In any event I think you need to fix the anchors? they have commas in them.

So Sean, here i had three links 1) To the connector 2) IBM cloud storage 3) A devworks ariticle that ties them together. So i had them separated by comma. Should i just remove the commas and have just a space as a separator ?

Yes, but I am wondering first whether this is the right place. hadoop-cloud and thus Spark doesn't have special support for this connector, and that's what this doc is about.

I'm also just noting that it seemed odd to put the comma within the hyperlinked text.

@srowen Thanks.. I am not a 100% sure about whether this is the right place :-). Could you please help me understand how Google Cloud Storage Connector for Spark and Hadoop is placed here ? When i click here and navigate to the connector link .. i end up here `https://github.com/GoogleCloudPlatform/bigdata-interop/tree/master/gcs which is the connector for Google cloud storage which i thought is similar to the stocator link ?

Actually I think this place is fine, after re-reading the doc. It is a more general reference. I would just fix the links a bit. [...](...), not [...,](...)

@srowen Thank you. I have updated per your advice. I have also update the screen-shot.

SparkQA · 2019-09-09T23:12:41Z

Test build #110375 has finished for PR 25737 at commit 8f9da49.
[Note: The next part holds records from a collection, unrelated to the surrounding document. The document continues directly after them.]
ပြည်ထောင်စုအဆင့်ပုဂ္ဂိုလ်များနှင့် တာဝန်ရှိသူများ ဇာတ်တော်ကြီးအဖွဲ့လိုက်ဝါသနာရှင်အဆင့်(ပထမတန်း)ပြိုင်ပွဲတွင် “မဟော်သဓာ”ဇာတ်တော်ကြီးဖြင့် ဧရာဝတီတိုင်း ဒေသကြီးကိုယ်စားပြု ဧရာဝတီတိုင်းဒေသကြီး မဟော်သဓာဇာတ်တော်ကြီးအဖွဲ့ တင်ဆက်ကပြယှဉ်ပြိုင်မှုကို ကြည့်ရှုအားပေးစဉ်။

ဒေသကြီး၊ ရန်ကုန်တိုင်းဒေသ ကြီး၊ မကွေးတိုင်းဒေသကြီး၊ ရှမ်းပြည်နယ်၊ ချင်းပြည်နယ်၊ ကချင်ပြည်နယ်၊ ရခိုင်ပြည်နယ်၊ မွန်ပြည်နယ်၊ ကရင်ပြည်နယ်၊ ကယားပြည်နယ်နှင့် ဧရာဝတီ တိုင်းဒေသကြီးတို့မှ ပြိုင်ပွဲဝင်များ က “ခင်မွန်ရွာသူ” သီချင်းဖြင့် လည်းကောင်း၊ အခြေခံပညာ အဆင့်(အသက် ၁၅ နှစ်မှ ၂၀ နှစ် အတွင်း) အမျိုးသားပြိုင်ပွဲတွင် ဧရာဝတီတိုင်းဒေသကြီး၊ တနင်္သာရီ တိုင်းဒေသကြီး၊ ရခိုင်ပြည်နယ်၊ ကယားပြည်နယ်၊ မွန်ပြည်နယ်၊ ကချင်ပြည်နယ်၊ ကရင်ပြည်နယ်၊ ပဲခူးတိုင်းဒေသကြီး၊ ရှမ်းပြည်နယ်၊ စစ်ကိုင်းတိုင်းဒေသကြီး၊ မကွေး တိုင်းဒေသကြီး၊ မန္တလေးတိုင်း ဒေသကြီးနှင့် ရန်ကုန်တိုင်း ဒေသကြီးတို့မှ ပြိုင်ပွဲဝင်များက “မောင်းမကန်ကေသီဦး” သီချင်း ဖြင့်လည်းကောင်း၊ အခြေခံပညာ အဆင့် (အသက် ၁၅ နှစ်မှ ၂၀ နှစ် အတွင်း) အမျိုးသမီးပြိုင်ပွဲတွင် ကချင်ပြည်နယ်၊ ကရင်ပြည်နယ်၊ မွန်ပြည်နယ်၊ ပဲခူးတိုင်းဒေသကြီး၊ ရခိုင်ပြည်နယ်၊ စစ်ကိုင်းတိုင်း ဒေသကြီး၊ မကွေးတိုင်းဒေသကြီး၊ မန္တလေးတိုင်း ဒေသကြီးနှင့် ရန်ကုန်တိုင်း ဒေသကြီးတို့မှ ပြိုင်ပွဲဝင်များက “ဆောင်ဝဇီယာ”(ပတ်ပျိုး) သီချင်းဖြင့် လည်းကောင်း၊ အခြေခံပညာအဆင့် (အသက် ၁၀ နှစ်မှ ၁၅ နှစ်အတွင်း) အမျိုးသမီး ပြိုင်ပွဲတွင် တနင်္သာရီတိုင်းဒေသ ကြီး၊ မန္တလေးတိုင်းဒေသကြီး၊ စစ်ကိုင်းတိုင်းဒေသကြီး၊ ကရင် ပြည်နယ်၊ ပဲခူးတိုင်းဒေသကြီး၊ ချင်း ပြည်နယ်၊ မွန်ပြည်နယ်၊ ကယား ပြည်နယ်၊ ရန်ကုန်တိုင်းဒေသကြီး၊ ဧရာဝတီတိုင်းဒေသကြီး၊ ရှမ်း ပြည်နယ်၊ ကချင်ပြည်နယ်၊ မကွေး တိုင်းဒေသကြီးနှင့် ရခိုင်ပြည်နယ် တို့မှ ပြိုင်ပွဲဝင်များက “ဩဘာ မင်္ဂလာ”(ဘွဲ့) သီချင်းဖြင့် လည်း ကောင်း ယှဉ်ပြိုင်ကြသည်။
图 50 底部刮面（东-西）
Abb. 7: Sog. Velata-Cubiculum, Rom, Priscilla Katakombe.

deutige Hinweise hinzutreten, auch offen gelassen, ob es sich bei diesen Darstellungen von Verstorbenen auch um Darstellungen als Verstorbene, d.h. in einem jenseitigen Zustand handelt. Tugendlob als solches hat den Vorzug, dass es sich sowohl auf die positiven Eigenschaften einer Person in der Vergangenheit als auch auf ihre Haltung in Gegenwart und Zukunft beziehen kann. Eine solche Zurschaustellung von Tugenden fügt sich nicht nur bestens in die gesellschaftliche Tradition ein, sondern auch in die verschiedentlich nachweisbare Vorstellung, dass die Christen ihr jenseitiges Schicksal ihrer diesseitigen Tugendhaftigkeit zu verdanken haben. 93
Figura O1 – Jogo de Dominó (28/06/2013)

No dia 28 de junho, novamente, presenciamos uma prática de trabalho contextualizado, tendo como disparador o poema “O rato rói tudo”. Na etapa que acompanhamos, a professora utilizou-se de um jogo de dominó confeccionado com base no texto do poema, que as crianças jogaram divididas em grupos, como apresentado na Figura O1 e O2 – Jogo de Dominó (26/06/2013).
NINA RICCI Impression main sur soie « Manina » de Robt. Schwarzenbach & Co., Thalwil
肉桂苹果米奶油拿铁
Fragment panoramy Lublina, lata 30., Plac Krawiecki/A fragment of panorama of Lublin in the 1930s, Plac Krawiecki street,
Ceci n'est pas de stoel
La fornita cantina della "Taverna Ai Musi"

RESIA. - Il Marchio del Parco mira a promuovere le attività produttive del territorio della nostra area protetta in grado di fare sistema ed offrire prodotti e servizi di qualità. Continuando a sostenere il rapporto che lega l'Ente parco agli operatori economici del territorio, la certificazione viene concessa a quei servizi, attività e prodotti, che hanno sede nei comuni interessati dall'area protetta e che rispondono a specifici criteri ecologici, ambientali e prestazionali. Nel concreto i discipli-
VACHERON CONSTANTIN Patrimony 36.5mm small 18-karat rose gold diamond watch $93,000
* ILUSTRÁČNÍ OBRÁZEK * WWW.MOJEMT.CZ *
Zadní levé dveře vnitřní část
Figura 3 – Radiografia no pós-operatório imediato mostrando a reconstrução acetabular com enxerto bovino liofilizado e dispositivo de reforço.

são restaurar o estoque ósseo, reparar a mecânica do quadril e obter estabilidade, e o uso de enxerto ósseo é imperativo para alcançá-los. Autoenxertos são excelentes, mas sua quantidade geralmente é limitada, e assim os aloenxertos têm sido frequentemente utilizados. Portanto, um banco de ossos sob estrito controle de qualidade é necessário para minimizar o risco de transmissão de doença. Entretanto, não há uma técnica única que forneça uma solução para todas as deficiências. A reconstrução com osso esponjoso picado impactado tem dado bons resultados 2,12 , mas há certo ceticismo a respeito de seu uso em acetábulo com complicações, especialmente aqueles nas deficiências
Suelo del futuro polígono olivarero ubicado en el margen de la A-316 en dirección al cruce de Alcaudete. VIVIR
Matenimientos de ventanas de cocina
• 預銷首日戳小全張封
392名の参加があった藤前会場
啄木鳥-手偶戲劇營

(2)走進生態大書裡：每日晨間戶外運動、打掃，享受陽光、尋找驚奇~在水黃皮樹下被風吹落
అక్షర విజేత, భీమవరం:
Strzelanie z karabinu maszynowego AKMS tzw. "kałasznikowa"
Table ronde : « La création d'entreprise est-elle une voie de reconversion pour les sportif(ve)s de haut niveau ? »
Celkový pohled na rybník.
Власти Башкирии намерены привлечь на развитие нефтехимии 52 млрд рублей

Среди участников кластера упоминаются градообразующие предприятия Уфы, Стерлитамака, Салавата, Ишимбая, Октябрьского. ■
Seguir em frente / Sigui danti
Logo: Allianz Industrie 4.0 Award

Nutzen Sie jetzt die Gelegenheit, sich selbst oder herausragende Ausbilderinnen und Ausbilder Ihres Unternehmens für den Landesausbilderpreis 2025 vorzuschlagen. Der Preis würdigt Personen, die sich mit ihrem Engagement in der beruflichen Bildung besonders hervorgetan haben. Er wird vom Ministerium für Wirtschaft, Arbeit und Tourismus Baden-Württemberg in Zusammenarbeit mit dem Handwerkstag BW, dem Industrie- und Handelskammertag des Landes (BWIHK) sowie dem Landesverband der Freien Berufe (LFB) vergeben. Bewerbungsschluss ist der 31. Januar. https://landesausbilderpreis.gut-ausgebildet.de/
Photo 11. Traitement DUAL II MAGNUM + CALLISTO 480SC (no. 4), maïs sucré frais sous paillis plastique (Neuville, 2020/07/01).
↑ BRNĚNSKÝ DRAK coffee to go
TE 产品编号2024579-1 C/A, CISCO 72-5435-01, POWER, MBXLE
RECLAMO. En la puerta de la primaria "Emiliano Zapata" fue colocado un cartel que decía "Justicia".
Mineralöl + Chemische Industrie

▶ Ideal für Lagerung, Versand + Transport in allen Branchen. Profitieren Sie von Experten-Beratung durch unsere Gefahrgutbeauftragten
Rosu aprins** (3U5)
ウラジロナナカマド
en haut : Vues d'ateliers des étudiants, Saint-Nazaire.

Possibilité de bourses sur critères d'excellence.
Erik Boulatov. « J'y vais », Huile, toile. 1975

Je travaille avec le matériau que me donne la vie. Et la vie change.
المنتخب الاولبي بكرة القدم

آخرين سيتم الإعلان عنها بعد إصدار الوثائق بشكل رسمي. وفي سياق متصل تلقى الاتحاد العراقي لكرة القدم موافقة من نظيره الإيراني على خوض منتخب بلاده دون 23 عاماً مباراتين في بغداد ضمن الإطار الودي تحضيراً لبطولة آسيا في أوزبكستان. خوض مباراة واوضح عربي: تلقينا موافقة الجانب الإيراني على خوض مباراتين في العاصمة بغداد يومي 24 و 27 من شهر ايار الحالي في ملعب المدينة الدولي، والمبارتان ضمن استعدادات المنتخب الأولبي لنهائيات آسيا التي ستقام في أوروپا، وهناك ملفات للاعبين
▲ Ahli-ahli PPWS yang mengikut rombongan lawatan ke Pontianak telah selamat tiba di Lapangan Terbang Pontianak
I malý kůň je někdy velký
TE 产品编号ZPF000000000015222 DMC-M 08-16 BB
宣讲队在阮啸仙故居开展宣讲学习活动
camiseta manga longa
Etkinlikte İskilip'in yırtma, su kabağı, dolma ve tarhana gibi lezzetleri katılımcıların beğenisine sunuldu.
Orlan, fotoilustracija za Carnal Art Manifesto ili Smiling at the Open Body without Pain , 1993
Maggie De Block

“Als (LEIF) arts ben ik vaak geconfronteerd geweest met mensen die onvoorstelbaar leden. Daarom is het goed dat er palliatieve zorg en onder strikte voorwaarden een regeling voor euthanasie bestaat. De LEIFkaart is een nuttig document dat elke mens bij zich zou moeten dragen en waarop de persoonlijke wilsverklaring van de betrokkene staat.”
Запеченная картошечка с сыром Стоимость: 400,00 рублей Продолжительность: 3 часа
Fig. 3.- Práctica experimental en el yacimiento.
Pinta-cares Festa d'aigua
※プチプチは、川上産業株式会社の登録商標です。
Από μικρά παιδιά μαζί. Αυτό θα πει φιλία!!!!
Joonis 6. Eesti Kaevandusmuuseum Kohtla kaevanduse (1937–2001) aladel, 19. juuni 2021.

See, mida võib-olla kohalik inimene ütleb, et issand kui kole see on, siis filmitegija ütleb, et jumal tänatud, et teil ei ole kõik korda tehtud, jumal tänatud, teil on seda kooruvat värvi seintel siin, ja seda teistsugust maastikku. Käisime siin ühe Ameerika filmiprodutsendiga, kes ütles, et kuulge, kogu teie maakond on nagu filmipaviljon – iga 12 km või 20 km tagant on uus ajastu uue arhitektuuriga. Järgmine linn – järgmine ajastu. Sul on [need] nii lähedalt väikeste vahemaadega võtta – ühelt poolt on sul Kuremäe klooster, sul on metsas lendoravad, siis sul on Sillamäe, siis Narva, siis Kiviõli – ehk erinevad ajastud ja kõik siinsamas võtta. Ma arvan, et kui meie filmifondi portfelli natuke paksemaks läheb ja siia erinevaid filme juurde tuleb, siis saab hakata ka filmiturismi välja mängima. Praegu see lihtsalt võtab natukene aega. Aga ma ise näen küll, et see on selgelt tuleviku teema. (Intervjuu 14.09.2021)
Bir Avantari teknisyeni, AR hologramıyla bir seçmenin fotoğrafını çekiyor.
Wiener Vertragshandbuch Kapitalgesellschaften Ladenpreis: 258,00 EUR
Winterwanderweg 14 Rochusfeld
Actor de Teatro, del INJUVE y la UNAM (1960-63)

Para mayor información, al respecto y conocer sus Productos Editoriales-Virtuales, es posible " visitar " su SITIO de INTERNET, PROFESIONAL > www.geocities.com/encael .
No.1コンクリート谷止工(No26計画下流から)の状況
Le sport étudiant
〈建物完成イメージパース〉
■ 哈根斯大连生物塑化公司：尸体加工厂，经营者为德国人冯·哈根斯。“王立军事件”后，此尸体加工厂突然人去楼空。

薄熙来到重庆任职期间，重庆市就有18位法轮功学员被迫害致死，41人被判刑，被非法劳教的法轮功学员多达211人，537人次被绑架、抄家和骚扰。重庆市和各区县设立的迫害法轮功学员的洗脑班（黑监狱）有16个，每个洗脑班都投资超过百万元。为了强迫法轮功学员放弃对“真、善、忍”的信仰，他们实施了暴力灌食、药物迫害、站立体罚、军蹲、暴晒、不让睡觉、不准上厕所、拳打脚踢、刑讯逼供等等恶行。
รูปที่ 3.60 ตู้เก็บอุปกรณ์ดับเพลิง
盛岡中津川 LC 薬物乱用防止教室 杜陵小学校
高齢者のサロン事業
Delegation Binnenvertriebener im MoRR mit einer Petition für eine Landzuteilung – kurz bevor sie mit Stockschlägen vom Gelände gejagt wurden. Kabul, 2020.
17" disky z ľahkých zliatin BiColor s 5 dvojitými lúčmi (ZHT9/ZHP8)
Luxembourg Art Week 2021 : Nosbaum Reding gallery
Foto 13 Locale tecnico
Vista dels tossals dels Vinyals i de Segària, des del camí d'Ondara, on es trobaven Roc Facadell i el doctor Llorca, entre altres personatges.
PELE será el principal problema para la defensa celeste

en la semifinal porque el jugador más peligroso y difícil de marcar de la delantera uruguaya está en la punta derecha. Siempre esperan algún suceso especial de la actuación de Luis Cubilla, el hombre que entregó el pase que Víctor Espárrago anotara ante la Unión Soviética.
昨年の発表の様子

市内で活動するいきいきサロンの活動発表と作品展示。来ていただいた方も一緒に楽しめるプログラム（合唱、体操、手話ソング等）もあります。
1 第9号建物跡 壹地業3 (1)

This patch passes all tests.
This patch merges cleanly.
This patch adds no public classes.

kiszk · 2019-09-10T04:02:04Z

docs/cloud-integration.md

@@ -257,4 +257,5 @@ Here is the documentation on the standard connectors both from Apache and the cl
 * [Amazon EMR File System (EMRFS)](https://docs.aws.amazon.com/emr/latest/ManagementGuide/emr-fs.html). From Amazon
 * [Google Cloud Storage Connector for Spark and Hadoop](https://cloud.google.com/hadoop/google-cloud-storage-connector). From Google
 * [The Azure Blob Filesystem driver (ABFS)](https://docs.microsoft.com/en-us/azure/storage/blobs/data-lake-storage-abfs-driver)
+* IBM Cloud Object Storage connector for Apache Spark : [Stocator,](https://github.com/CODAIT/stocator) [IBM Object Storage,](https://www.ibm.com/cloud/object-storage) [how-to-use-connector](https://developer.ibm.com/code/2018/08/16/installing-running-stocator-apache-spark-ibm-cloud-object-storage)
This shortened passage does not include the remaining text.